▶ EXERCISE DETAILS:
From the first line of the records down to the one that holds "今年1月に0.25%から0.", transcribe each line exactly and add nothing.
[[ PROVIDED DATA open ]]
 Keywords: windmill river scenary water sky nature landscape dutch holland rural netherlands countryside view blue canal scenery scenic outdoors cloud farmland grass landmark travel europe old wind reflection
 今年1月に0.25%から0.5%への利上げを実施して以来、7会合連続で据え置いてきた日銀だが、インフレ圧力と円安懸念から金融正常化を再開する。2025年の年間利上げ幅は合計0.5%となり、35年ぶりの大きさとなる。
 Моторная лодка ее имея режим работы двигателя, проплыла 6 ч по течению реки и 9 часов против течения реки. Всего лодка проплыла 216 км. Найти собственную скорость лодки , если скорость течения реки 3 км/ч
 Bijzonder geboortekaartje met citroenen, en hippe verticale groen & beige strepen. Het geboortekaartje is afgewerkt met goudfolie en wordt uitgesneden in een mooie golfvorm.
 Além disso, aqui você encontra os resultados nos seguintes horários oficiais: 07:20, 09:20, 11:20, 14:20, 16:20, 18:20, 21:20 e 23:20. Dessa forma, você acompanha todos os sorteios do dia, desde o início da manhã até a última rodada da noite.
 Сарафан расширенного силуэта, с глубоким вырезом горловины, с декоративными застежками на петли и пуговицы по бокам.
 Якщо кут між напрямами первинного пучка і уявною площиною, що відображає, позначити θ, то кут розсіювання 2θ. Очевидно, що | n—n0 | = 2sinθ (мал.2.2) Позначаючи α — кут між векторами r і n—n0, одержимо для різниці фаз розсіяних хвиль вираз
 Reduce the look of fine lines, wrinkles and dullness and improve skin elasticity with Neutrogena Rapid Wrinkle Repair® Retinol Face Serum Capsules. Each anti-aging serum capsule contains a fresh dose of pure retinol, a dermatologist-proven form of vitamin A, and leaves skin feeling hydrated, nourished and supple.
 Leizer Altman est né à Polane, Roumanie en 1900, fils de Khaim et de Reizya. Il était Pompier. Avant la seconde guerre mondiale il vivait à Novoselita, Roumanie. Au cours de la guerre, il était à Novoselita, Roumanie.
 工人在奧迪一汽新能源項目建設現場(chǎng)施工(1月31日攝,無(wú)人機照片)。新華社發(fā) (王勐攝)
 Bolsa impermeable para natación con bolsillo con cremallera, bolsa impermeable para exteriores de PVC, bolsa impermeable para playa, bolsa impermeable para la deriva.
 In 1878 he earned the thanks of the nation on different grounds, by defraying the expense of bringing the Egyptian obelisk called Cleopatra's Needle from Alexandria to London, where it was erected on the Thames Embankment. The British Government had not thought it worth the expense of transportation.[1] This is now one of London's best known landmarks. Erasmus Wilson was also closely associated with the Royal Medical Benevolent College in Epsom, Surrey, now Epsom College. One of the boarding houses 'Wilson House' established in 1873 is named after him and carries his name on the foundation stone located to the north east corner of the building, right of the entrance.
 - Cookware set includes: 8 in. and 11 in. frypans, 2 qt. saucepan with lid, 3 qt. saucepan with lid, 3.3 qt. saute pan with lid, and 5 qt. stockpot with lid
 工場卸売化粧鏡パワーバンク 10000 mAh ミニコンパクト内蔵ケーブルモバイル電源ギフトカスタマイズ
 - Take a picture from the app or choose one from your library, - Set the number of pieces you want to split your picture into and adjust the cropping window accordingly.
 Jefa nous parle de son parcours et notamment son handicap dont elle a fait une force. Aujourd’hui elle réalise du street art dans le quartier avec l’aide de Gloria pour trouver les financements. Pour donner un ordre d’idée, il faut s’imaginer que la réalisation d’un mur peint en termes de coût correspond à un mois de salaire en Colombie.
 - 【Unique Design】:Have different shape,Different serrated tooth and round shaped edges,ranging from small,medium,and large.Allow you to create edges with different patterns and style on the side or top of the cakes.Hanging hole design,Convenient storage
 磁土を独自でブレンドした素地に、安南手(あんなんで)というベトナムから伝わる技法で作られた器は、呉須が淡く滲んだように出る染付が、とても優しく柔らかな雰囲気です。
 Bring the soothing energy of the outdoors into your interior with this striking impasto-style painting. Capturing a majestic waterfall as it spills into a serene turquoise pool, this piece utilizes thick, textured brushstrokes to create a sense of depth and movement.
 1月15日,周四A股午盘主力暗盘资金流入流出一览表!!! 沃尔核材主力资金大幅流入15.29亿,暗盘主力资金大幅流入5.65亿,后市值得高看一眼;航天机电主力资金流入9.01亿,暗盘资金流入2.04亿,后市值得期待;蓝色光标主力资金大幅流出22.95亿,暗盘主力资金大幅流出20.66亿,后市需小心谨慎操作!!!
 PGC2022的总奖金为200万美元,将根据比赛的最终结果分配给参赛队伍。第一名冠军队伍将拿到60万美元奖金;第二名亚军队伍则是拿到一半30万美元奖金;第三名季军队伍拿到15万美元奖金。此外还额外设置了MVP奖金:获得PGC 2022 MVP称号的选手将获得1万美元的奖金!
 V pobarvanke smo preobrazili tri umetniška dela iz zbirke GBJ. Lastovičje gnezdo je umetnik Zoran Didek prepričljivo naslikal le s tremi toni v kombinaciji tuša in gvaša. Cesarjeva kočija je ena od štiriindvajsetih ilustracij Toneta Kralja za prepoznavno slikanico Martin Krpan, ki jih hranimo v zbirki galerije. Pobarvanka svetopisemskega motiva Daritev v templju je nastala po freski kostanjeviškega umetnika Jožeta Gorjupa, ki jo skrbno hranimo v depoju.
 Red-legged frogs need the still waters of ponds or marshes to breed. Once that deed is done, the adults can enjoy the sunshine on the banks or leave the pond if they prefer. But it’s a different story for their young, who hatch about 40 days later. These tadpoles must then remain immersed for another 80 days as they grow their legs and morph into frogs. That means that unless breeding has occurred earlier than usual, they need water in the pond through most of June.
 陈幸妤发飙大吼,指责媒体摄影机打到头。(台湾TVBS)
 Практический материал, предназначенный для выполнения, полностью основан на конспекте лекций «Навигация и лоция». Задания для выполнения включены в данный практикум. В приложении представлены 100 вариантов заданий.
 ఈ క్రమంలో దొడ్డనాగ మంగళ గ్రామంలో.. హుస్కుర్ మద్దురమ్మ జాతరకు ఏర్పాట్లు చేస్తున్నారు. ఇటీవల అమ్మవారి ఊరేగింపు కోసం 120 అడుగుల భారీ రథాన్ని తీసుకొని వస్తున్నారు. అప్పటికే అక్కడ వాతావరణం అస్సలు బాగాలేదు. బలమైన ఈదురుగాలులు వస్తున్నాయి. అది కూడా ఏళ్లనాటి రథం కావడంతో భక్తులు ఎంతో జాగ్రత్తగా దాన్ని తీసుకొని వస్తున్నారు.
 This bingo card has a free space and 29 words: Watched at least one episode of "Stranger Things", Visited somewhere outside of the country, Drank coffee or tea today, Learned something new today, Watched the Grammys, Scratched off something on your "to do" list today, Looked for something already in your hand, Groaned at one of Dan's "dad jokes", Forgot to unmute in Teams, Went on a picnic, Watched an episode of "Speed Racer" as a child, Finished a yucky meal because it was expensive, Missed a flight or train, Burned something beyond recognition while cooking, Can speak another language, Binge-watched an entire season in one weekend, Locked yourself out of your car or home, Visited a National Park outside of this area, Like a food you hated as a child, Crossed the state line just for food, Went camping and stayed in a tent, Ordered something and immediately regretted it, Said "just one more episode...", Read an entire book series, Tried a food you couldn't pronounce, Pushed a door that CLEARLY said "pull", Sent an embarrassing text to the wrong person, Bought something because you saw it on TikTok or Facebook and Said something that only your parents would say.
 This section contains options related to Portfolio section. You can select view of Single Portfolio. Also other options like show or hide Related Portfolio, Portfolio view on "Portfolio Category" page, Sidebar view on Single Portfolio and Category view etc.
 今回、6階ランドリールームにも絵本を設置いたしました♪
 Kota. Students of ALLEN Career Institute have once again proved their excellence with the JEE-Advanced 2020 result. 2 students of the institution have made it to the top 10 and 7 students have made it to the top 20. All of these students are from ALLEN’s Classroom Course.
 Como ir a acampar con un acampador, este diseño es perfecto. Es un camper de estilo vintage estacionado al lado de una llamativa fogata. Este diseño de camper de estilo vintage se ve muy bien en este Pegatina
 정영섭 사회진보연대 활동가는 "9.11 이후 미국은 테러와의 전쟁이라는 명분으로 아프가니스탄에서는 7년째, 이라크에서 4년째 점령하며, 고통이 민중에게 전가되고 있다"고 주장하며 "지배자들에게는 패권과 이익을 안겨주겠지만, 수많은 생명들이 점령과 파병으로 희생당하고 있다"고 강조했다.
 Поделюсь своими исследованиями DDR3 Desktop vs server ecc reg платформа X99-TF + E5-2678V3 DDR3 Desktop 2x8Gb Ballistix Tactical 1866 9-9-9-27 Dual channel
[[ PROVIDED DATA closed ]]
▶ EXPECTED ANSWER:
 Keywords: windmill river scenary water sky nature landscape dutch holland rural netherlands countryside view blue canal scenery scenic outdoors cloud farmland grass landmark travel europe old wind reflection
 今年1月に0.25%から0.5%への利上げを実施して以来、7会合連続で据え置いてきた日銀だが、インフレ圧力と円安懸念から金融正常化を再開する。2025年の年間利上げ幅は合計0.5%となり、35年ぶりの大きさとなる。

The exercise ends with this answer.